> [Exercise]:
Look for the line containing "- 1.No Pull- Detangling" and the line containing "La Unitat d’Igualtat" in the entries below. Copy those two and all lines between them exactly, leaving out pictures.

[[ Provided entries, beginning ]]

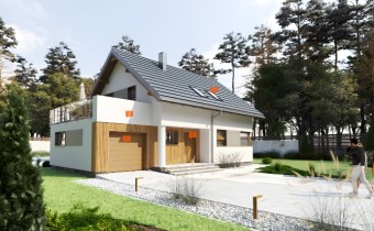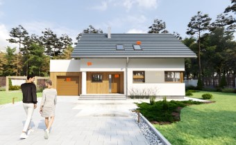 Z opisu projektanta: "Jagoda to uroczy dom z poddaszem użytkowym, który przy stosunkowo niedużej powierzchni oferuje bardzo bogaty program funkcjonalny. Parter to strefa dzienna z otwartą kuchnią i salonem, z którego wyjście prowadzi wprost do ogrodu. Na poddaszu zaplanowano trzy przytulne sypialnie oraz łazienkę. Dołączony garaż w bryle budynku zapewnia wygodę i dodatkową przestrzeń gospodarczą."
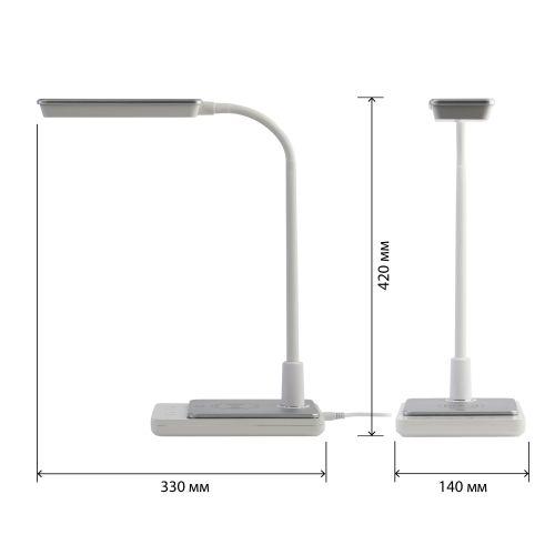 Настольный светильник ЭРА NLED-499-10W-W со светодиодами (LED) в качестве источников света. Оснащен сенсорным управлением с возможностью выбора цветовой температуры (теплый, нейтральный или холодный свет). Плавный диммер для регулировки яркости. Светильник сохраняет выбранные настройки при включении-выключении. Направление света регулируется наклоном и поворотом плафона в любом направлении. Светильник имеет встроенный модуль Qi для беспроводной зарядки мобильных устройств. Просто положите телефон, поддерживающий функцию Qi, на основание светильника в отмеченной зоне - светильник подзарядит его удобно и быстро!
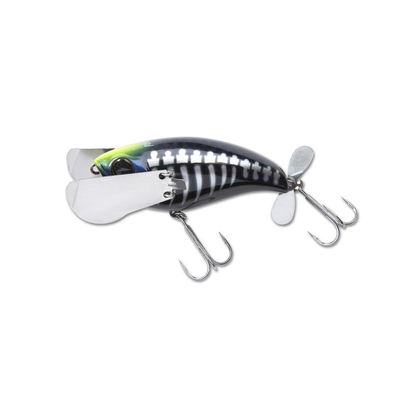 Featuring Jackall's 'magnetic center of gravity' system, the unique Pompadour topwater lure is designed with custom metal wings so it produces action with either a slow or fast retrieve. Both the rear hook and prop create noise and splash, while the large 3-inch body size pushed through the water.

[[ Provided entries, end ]]
[[ Provided entries, beginning ]]

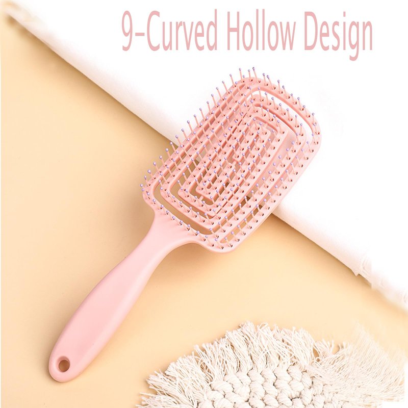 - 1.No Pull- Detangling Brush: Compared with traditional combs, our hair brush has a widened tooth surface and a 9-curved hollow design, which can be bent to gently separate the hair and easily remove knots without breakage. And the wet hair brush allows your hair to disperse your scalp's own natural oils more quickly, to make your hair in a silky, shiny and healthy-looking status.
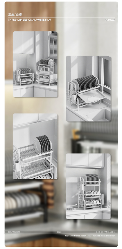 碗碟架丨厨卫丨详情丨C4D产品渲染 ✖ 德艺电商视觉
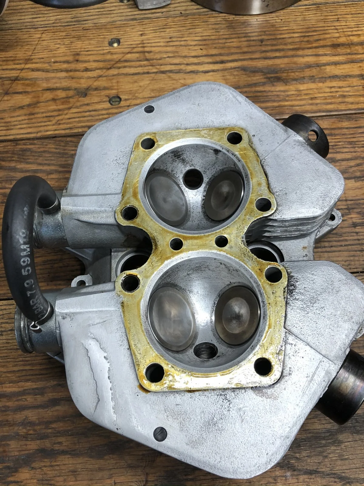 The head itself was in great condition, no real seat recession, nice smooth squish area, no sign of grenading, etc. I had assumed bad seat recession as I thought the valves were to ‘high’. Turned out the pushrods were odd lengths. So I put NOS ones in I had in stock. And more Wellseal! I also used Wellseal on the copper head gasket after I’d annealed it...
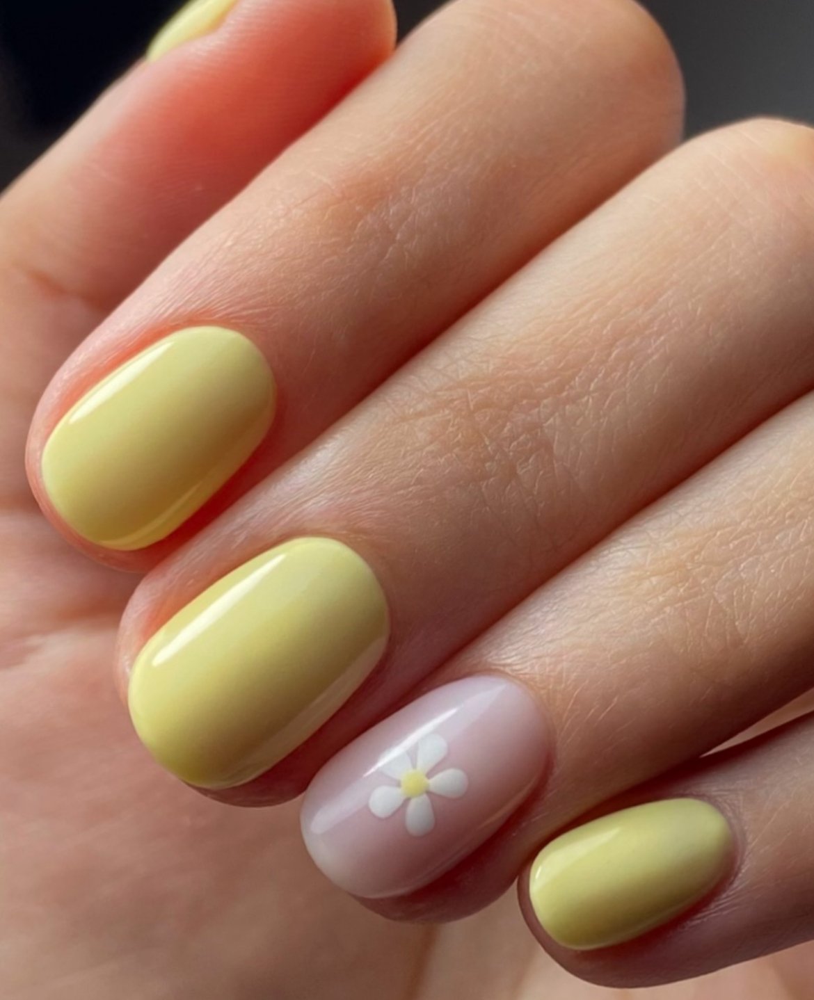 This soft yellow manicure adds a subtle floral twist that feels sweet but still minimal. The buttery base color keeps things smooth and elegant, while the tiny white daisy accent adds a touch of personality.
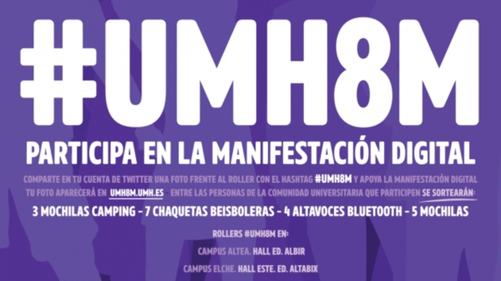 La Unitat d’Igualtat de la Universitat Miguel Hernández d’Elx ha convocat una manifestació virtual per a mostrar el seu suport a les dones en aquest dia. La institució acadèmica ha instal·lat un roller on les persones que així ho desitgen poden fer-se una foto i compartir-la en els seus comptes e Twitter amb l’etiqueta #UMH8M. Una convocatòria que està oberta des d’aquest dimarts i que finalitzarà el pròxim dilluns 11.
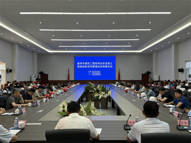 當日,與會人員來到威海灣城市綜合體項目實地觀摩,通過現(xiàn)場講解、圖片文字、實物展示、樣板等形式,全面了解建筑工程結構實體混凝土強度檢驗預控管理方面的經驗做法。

[[ Provided entries, end ]]
[[ Provided entries, beginning ]]

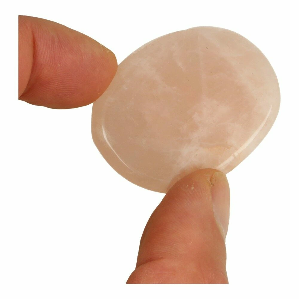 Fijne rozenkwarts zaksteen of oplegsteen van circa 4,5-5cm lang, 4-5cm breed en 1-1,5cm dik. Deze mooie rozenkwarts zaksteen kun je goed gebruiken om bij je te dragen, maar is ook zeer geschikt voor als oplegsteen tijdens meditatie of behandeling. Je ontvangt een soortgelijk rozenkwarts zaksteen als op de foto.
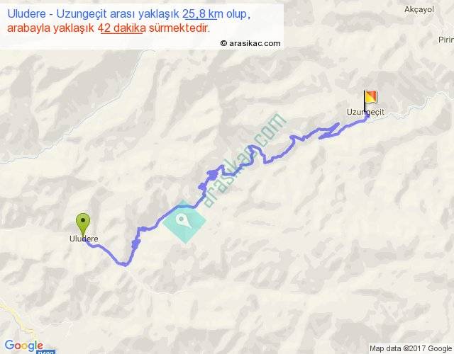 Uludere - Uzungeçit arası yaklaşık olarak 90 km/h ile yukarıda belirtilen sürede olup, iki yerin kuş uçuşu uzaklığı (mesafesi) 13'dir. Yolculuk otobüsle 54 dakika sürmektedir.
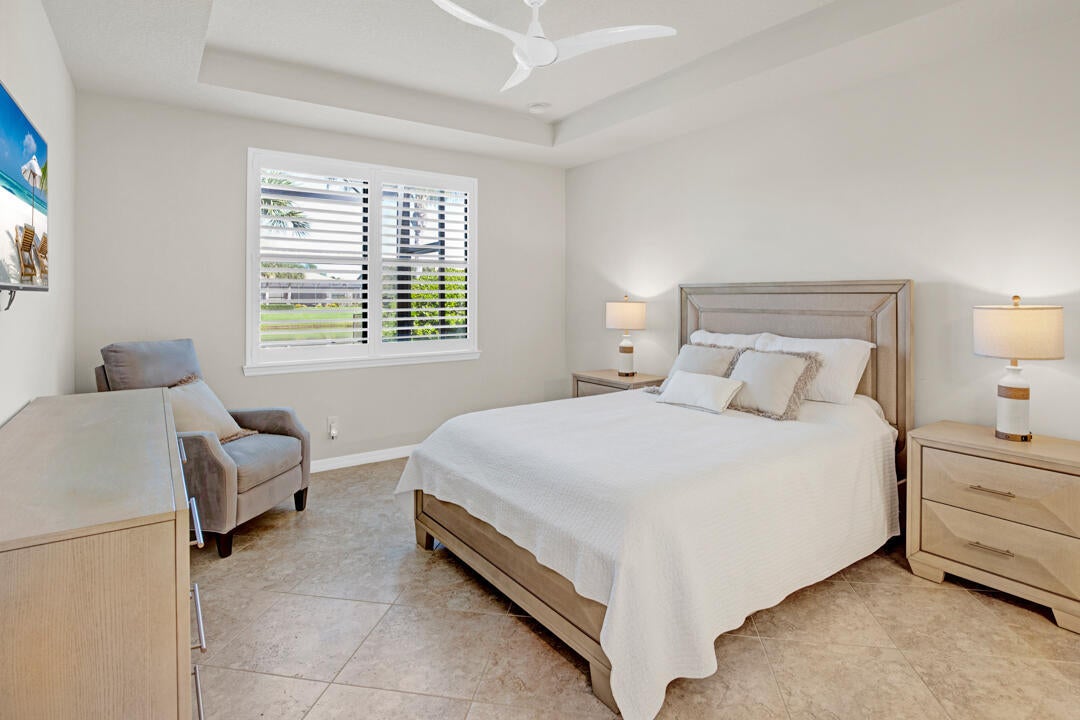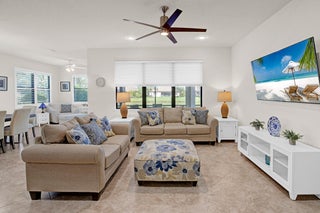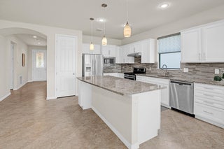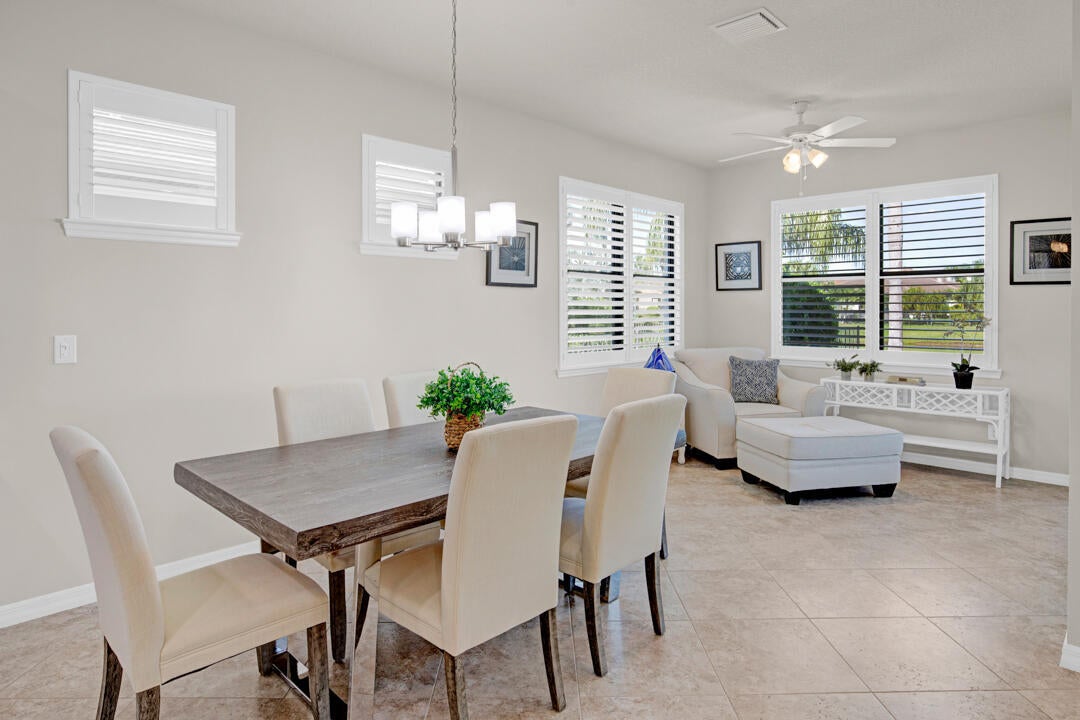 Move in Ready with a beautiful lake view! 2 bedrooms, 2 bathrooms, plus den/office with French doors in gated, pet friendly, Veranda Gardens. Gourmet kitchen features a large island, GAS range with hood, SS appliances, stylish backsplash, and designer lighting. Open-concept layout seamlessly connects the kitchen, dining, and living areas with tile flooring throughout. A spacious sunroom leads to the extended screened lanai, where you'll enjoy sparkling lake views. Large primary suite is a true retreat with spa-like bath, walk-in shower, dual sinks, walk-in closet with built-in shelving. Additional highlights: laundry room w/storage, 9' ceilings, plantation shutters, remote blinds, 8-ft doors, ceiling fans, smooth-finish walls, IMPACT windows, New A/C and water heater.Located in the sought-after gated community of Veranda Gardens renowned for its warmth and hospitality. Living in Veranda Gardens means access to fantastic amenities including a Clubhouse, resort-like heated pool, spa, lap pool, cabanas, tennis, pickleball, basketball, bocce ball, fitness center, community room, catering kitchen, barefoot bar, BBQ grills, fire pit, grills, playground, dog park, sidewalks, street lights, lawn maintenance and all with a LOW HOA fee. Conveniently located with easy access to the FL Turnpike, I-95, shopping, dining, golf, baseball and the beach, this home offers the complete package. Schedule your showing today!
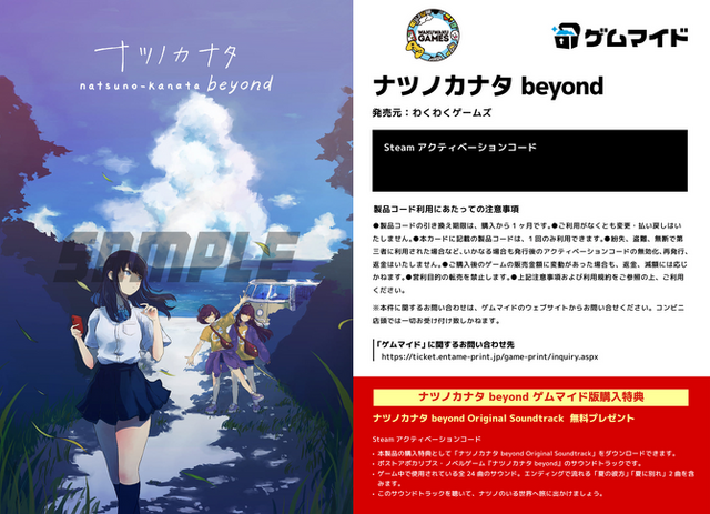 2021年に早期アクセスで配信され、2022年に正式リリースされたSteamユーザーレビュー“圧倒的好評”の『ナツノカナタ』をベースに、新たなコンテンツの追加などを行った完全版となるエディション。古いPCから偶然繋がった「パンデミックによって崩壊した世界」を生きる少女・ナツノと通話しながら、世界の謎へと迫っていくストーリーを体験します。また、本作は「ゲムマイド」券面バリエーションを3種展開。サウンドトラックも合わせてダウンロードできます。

[[ Provided entries, end ]]

> [Exercise response]:
 - 1.No Pull- Detangling Brush: Compared with traditional combs, our hair brush has a widened tooth surface and a 9-curved hollow design, which can be bent to gently separate the hair and easily remove knots without breakage. And the wet hair brush allows your hair to disperse your scalp's own natural oils more quickly, to make your hair in a silky, shiny and healthy-looking status.
 碗碟架丨厨卫丨详情丨C4D产品渲染 ✖ 德艺电商视觉
 The head itself was in great condition, no real seat recession, nice smooth squish area, no sign of grenading, etc. I had assumed bad seat recession as I thought the valves were to ‘high’. Turned out the pushrods were odd lengths. So I put NOS ones in I had in stock. And more Wellseal! I also used Wellseal on the copper head gasket after I’d annealed it...
 This soft yellow manicure adds a subtle floral twist that feels sweet but still minimal. The buttery base color keeps things smooth and elegant, while the tiny white daisy accent adds a touch of personality.
 La Unitat d’Igualtat de la Universitat Miguel Hernández d’Elx ha convocat una manifestació virtual per a mostrar el seu suport a les dones en aquest dia. La institució acadèmica ha instal·lat un roller on les persones que així ho desitgen poden fer-se una foto i compartir-la en els seus comptes e Twitter amb l’etiqueta #UMH8M. Una convocatòria que està oberta des d’aquest dimarts i que finalitzarà el pròxim dilluns 11.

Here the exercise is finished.